### PROBLEM:
With the pictures omitted, repeat exactly the lines below starting with the line that has "Poly-clip System GmbH" and going on through the line that has "此外,橄欖石不僅是珠寶首飾材".

### DATASET CONTENT:
------------------------------------
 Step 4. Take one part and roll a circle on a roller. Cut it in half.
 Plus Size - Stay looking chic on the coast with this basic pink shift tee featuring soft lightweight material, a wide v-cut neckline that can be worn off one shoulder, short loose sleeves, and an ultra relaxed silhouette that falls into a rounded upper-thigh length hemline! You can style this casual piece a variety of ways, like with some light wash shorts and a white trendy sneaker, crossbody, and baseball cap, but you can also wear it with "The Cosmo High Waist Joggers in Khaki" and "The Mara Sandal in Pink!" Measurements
------------------------------------
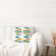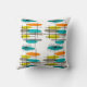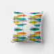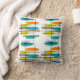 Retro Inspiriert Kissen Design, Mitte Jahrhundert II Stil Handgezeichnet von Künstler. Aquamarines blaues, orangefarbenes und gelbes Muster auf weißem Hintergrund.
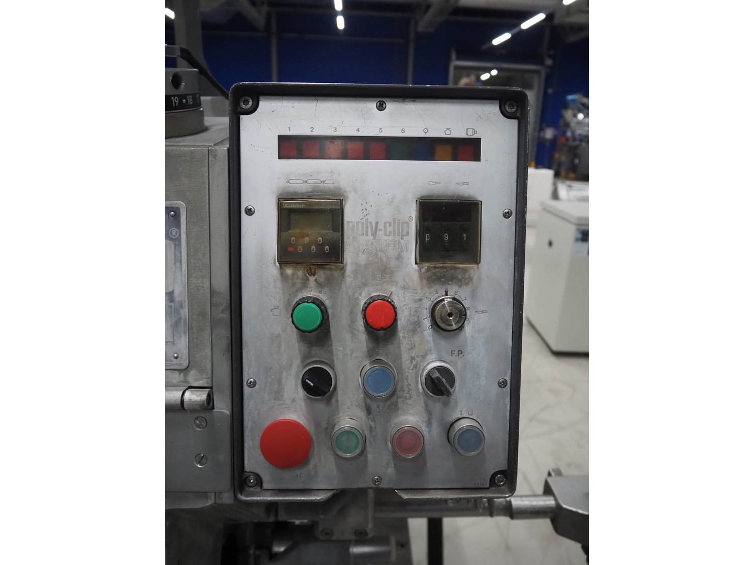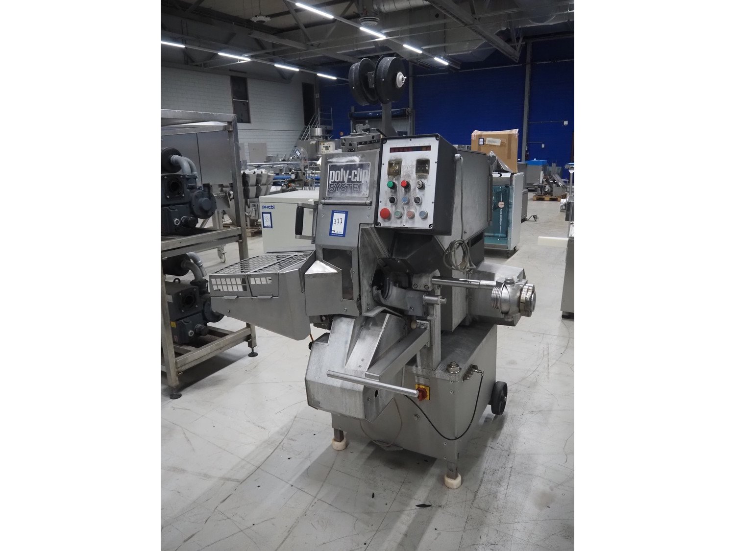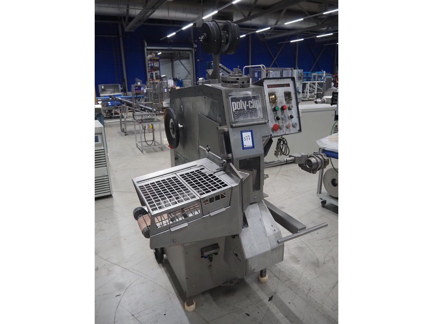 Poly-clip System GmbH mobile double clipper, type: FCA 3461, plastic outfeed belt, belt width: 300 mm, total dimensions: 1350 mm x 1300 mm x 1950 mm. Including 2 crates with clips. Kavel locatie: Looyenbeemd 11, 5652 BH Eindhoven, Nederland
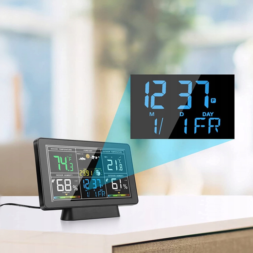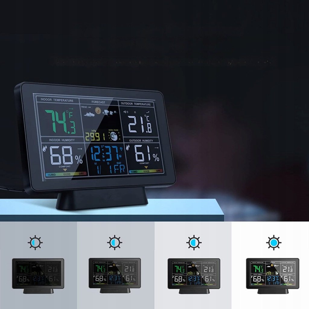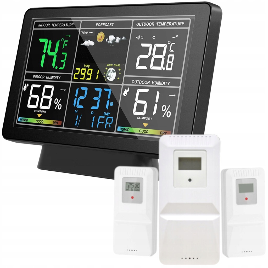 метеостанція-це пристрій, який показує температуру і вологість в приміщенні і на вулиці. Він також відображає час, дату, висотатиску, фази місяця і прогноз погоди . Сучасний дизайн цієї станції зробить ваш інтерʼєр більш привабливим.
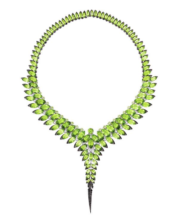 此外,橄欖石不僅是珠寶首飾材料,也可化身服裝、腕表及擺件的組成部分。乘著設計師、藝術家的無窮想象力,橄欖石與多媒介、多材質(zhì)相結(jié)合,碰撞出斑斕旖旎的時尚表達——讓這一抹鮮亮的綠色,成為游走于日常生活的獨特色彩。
------------------------------------
### THE ANSWER:
 Poly-clip System GmbH mobile double clipper, type: FCA 3461, plastic outfeed belt, belt width: 300 mm, total dimensions: 1350 mm x 1300 mm x 1950 mm. Including 2 crates with clips. Kavel locatie: Looyenbeemd 11, 5652 BH Eindhoven, Nederland
 метеостанція-це пристрій, який показує температуру і вологість в приміщенні і на вулиці. Він також відображає час, дату, висотатиску, фази місяця і прогноз погоди . Сучасний дизайн цієї станції зробить ваш інтерʼєр більш привабливим.
 此外,橄欖石不僅是珠寶首飾材料,也可化身服裝、腕表及擺件的組成部分。乘著設計師、藝術家的無窮想象力,橄欖石與多媒介、多材質(zhì)相結(jié)合,碰撞出斑斕旖旎的時尚表達——讓這一抹鮮亮的綠色,成為游走于日常生活的獨特色彩。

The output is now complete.